START Dataset excerpts
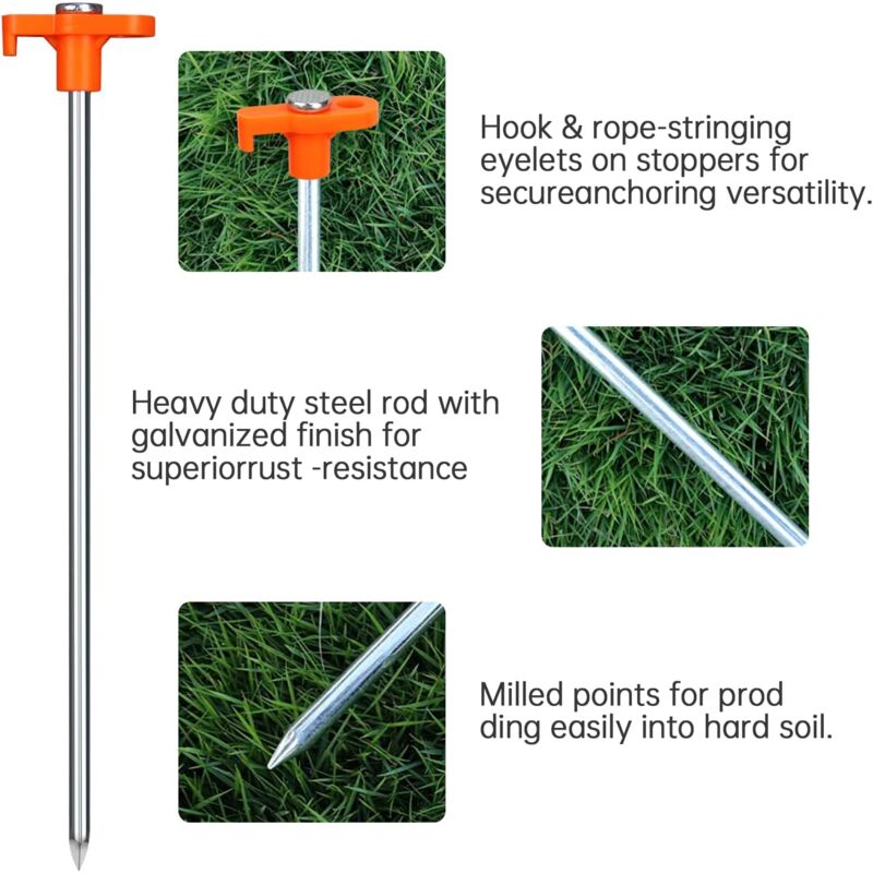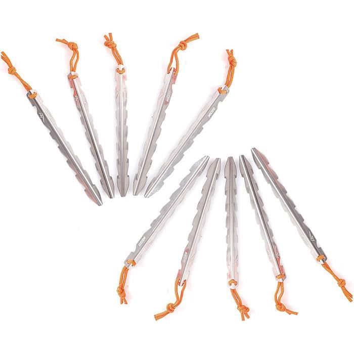 Lot de 10 piquets de tente de 21 cm de long, assez pour vos besoins quotidiens et faciles à transporter. Convient pour le camping, la randonnée, la pêche, le camping-car, la forêt, la prairie, les voyages et la randonnée, etc. Lot de 10 piquets de tente de 21 cm de long, assez pour vos besoins quotidiens et faciles à transporter. Convient pour le camping, la randonnée, la pêche, le camping-car, la forêt, la prairie, les voyages et la randonnée, etc Contenu : 10 piquets de tente., ● Matériau : fer + plastique Poids de l'emballage : 714 g. Piquets de tente Fer - 32 grammes - 10 pièces Piquets de tente en spirale, filetage en spirale et pointe en fer, perçage facile dans un sol solide, avec une meilleure adhérence. Les piquets de tente sont un ancrage indispensable pour les terrasses, tentes, auvents, terrasses, filets de jardin et bâches. Piquets Camping Fer 21cm 10 Piquets De Tente En Acier 21 Cm - Poignée En T Lot Piquets Camping Spirale
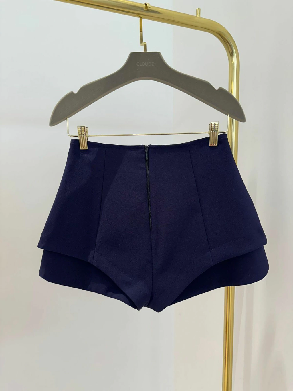 O short Amanda é confeccionado em crepe de alfaiataria e possui comprimento curto.
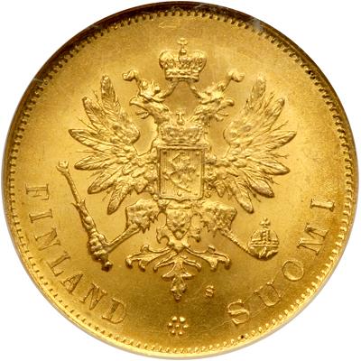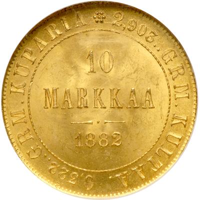 Finland. 10 Markkaa, 1882-S. Fr-5; KM-8.2. Alexander III of Russia. Very scarce condition. NGC graded MS-65.
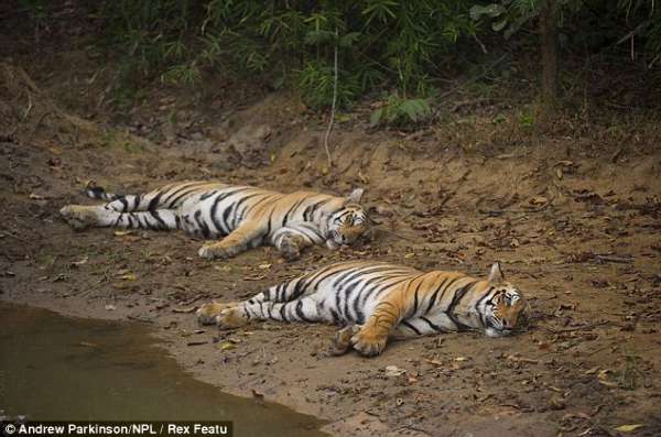 印兩幼虎嬉鬧打斗后休憩 畫面逗趣
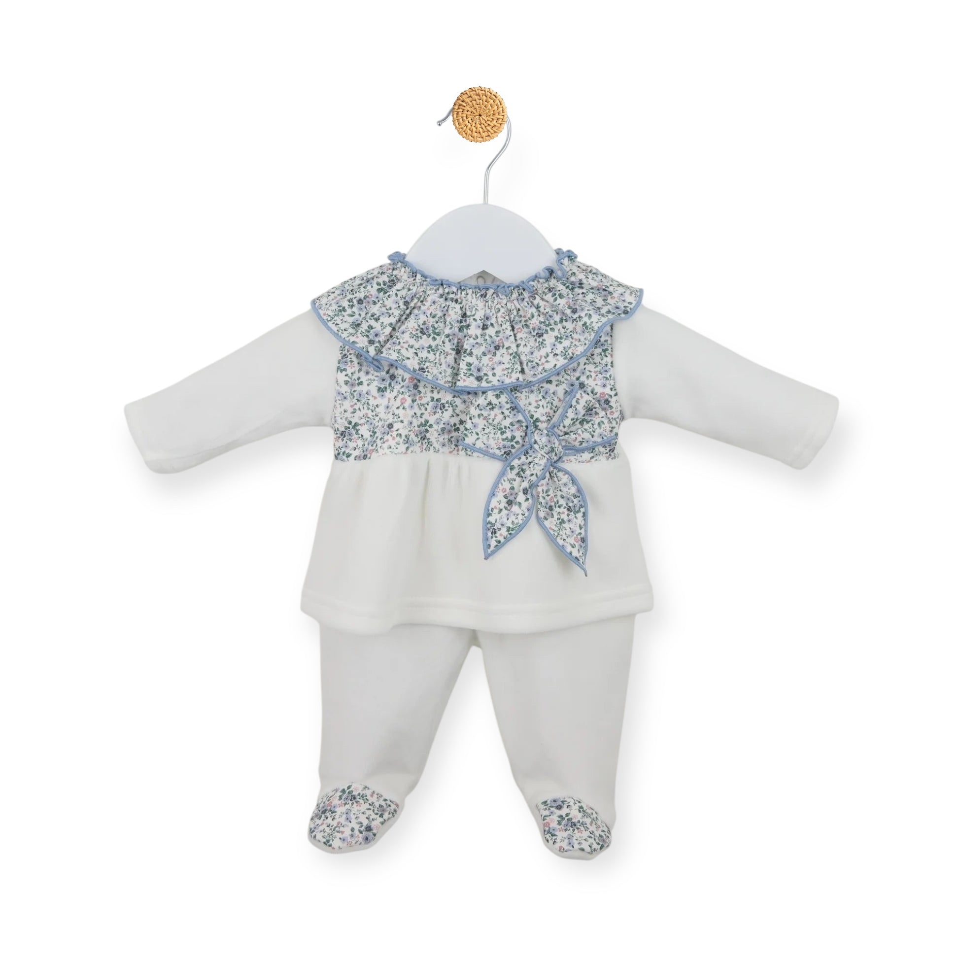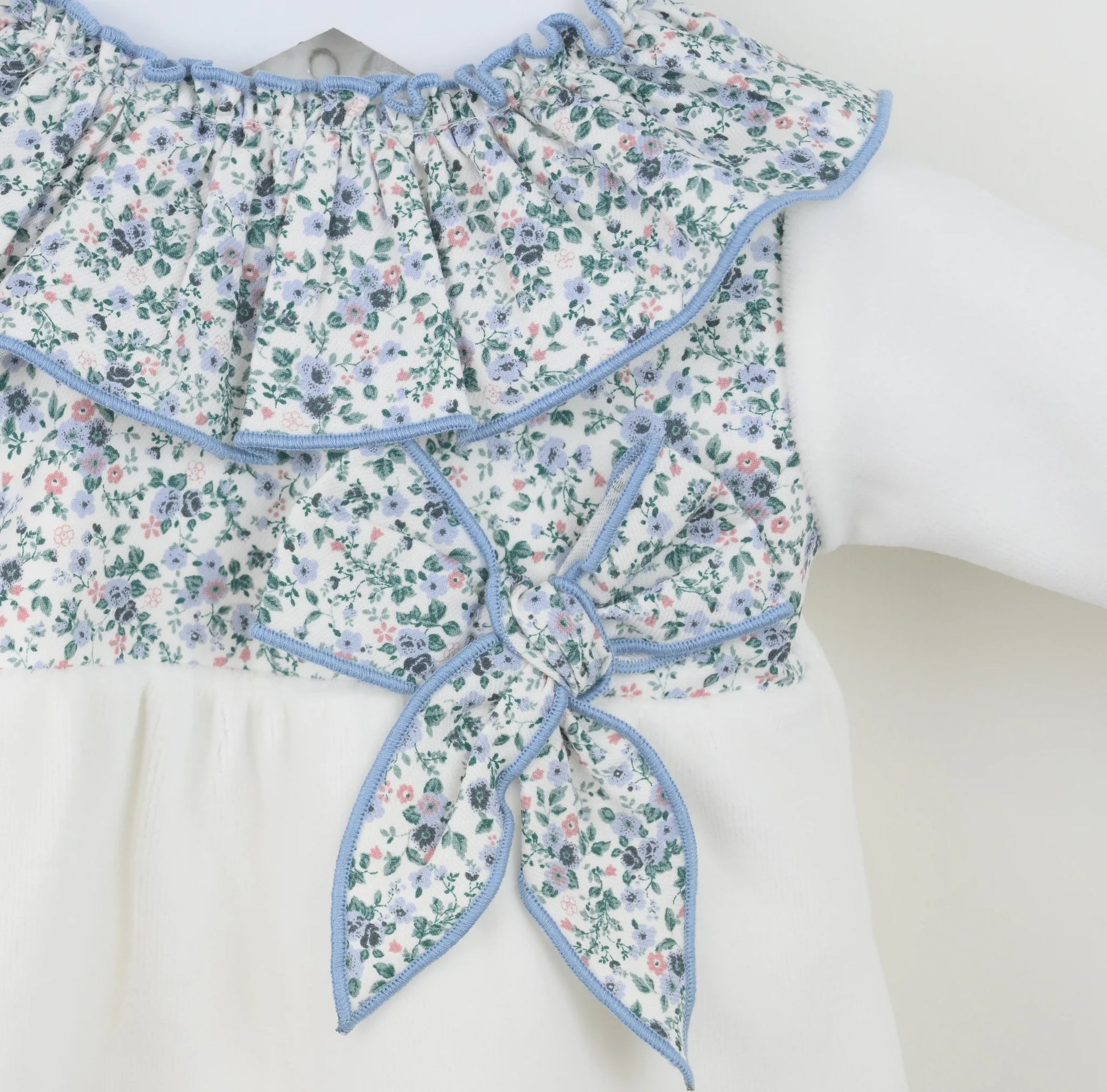 The Amelia Floral Outfit combines gentle comfort with charming design, crafted from soft pale ivory velour to keep your child cozy. The bodice, collar, and feet feature an adorable blue ditsy floral print that adds a delicate, timeless touch to this outfit. Perfect for both everyday wear and special occasions, it offers a snug fit that ensures ease of movement without sacrificing style. This ensemble is ideal for parents seeking quality and elegance in a soft, breathable fabric that is kind to sensitive skin.
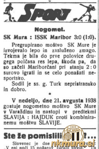 Nogometaši Mure so v Murski Soboti na prijateljski tekmi gostili I.SSK Maribor in ga premagali s 3:0 (1:0). Mariborčani so se po vodstvu Mure z 2:0 začeli obnašati precej nešportno in se posluževali grobe igre.
END Dataset excerpts
_To do_
Exactly the lines starting at the one above with "O short Amanda" and ending at the one with "印兩幼虎嬉鬧打斗后休憩 畫面逗趣" should be printed, and nothing else. Omit the pictures.

_Answer space_
 O short Amanda é confeccionado em crepe de alfaiataria e possui comprimento curto.
 Finland. 10 Markkaa, 1882-S. Fr-5; KM-8.2. Alexander III of Russia. Very scarce condition. NGC graded MS-65.
 印兩幼虎嬉鬧打斗后休憩 畫面逗趣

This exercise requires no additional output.